_Material to process_
####
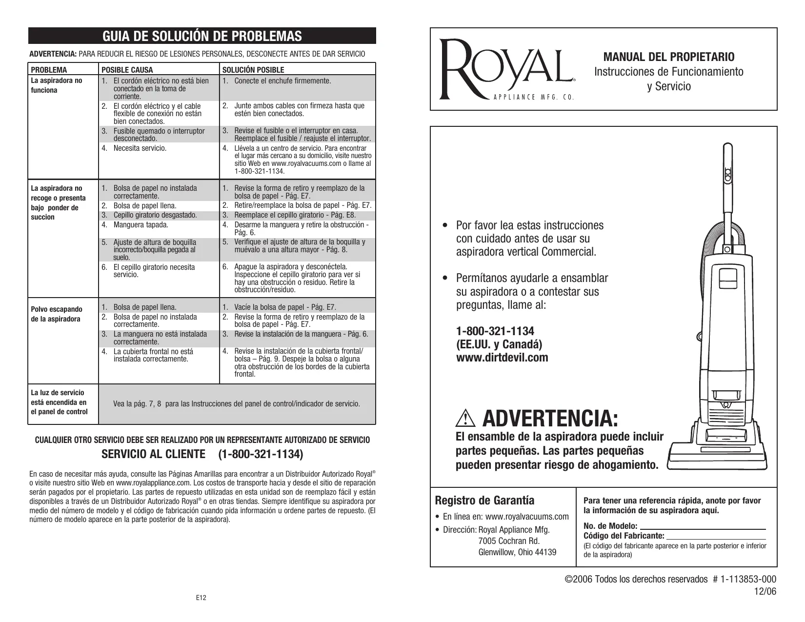 En caso que la aspiradora mueste algo ndefecto bajo el periodo de garantía, reparamos o reemplazarnos de眼看 agradable parte defectuosa. Laquina completa de ser enviada con porte pagado a su querier Estación Autorizada ROYAL de Ventas y Servicio de Garantía. Por favor incluya una descripción completa del problema, Fecha de compra, copia del recibo de compra original y su nombre, domicilio y número de téléphone. Si no se enquiry a circa de una Estación de Garantía, llama a la fabricula para pedir asistencia en los EE.UU. y CANADÁ: 1-800-321-1134. Use solamente partes de repuesto genuinas Royal.
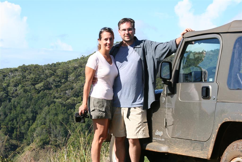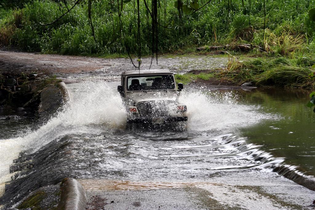 I neglected to mention that in order to GET to the jungle for the Jungle Hike, you had to drive through the jungle quite a ways. The Jeep did very well in this activity, fording several creeks, mud holes that went up to the doors, and several rather large rocks. Well, OK, we didn't ford those... This is Kristina, getting her Jeep schwerve on.
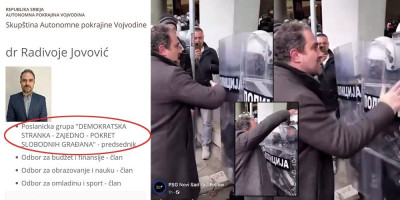 Predsednik Pokreta Slobodnih građana u Novom Sadu i član poslaničke grupe "Demokratska stranka-Zajedno-Pokret slobodnih građana" Radivoje Jovović ponižavao je i maltretirao policajce dok su vršili svoju dužnost štiteći Skupštinu Grada od opozicionih huligana.
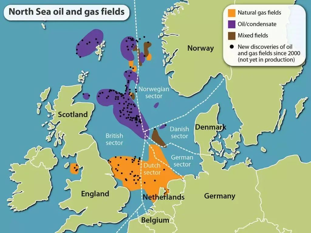 荷兰人挖了之后才知道,北海油田是世界上最大的海洋油田!直至今日,北海油田每日能产原油 600 万桶,世界原油市场 6.4% 的供应来自于此!
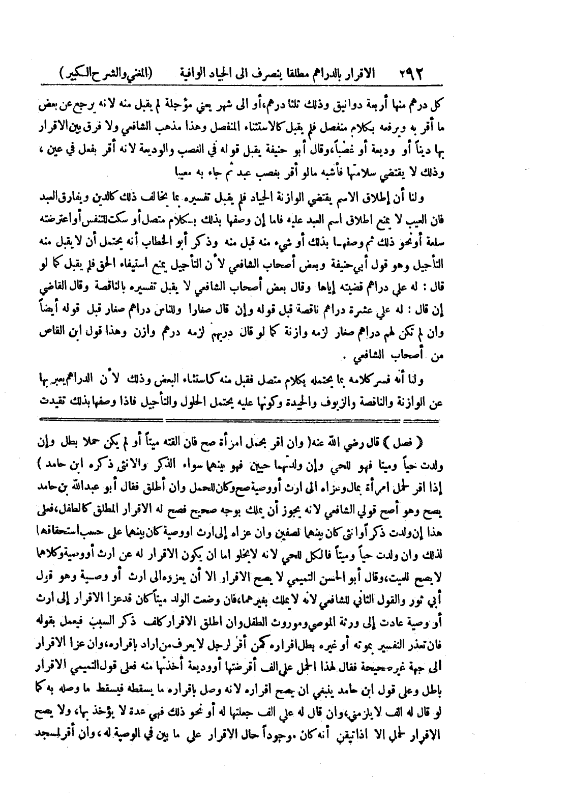 (فصل) قال رضي الله عنه (وإن أقر بحمل امرأة صح فإن ألقته ميتاً أو لم يكن حملاً بطل وإن ولدت حياً وميتاً فهو للحي وإن ولدتهما حيين فهو بينهما سواء الذكر والاثنى ذكره ابن حامد) إذا أقر لحمل امرأة بمال وعزاه إلى إرث أو وصية صح وكان للحمل وإن أطلق فقال أبو عبد الله بن حامد يصح وهو أصح قولي الشافعي لأنه يجوز أن يملك بوجه صحيح فصح له الإقرار المطلق كالطفل، فعلى هذا إن ولدت ذكر أو أنثى كان بينهما نصفين وإن عزاه إلى إرث أو وصية كان بينهما على حسب استحقاقها لذلك وإن ولدت حياً وميتاً فالكل للحي لأنه لا يخلو إما أن يكون الإقرار له عن إرث أو وصية وكلاهما لا يصح للميت، وقال أبو الحسن التميمي لا يصح الإقرار إلا أن يعزوه إلى إرث أو وصية وهو قول أبي ثور والقول الثاني للشافعي لأنه لا يملك بغيرهما، فإن وضعت الولد ميتاً كان قد عزا الإقرار إلى إرث أو وصية عادت إلى ورثة الموصي وموروث الطفل وإن أطلق الإقرار كلف ذكر السبب فيعمل بقوله
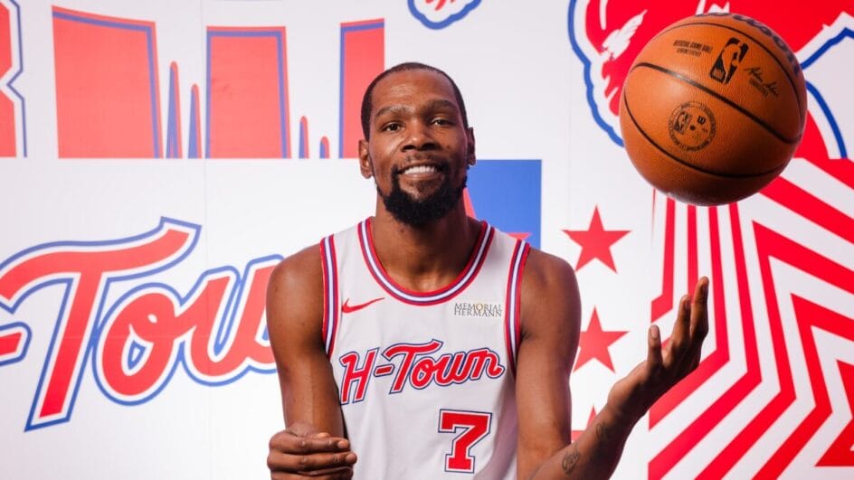 Em 18 anos de NBA, Kevin Durant já jogou 1.220 partidas (apenas temporadas regulares), com médias de 27,2 pontos, 6,9 rebotes, 4,4 assistências. O astro tem passagens por Oklahoma City Thunder (e Seattle Supersonics), Golden State Warriors, Brooklyn Nets, Phoenix Suns e, agora, Houston Rockets.
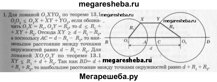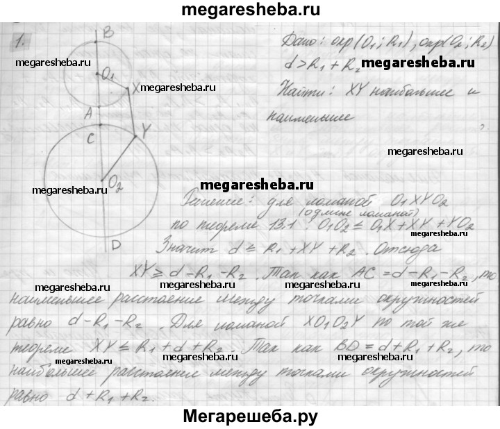 1 Даны две окружности с радиусами B1 и R2 и расстоянием между центрами d > R1 + R. Чему равны наибольшее и наименьшее расстояния между точками X и Y этих окружностей?
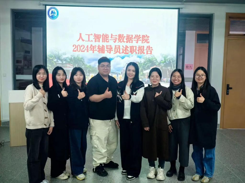 为锻造政治强、业务精、纪律严、作风正的辅导员队伍,切实加强辅导员队伍建设,1月2日下午,人工智能与数据学院通过线上线下相结合的方式在博学楼B406召开了2024年秋季学期辅导员述职汇报会。学院副院长欧曼芸以及全体辅导员参加。会议由院团委书记吴欣瑶主持。
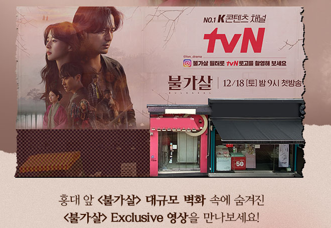 첫 방송 전부터 주목받았던 기대작 #불가살 역시 위에이알과 함께했습니다. 홍대 앞 대규모 벽화에서 활용할 수 있도록 제작한 프로젝트였습니다.
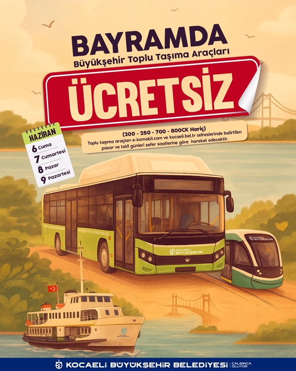 Kocaeli Büyükşehir Belediyesi, Kurban Bayramı’nda vatandaşların rahat ve huzurlu bir şekilde ziyaretlerini gerçekleştirebilmeleri amacıyla 06-09 Haziran tarihleri arasında kent içi toplu taşıma araçlarının ücretsiz olacağını duyurdu. Bu kapsamda vatandaşlar, Kurban Bayramı’nın birinci günü olan 06 Haziran Cuma günü ile bayramın son gününe denk gelen 09 Haziran Pazartesi günü 24.00’e kadar 4 gün boyunca ücretsiz ulaşımdan yararlanabilecek.
####
_Task requirements_
Emit the lines of the material exactly, from its first line to the line containing "荷兰人挖了之后才知道,北海油田是世界上最大的海洋油田!直至今日,北海油田每日能产原油 600 万桶,世界原油市场", inclusive; leave every picture out.

_Problem solution_
 En caso que la aspiradora mueste algo ndefecto bajo el periodo de garantía, reparamos o reemplazarnos de眼看 agradable parte defectuosa. Laquina completa de ser enviada con porte pagado a su querier Estación Autorizada ROYAL de Ventas y Servicio de Garantía. Por favor incluya una descripción completa del problema, Fecha de compra, copia del recibo de compra original y su nombre, domicilio y número de téléphone. Si no se enquiry a circa de una Estación de Garantía, llama a la fabricula para pedir asistencia en los EE.UU. y CANADÁ: 1-800-321-1134. Use solamente partes de repuesto genuinas Royal.
 I neglected to mention that in order to GET to the jungle for the Jungle Hike, you had to drive through the jungle quite a ways. The Jeep did very well in this activity, fording several creeks, mud holes that went up to the doors, and several rather large rocks. Well, OK, we didn't ford those... This is Kristina, getting her Jeep schwerve on.
 Predsednik Pokreta Slobodnih građana u Novom Sadu i član poslaničke grupe "Demokratska stranka-Zajedno-Pokret slobodnih građana" Radivoje Jovović ponižavao je i maltretirao policajce dok su vršili svoju dužnost štiteći Skupštinu Grada od opozicionih huligana.
 荷兰人挖了之后才知道,北海油田是世界上最大的海洋油田!直至今日,北海油田每日能产原油 600 万桶,世界原油市场 6.4% 的供应来自于此!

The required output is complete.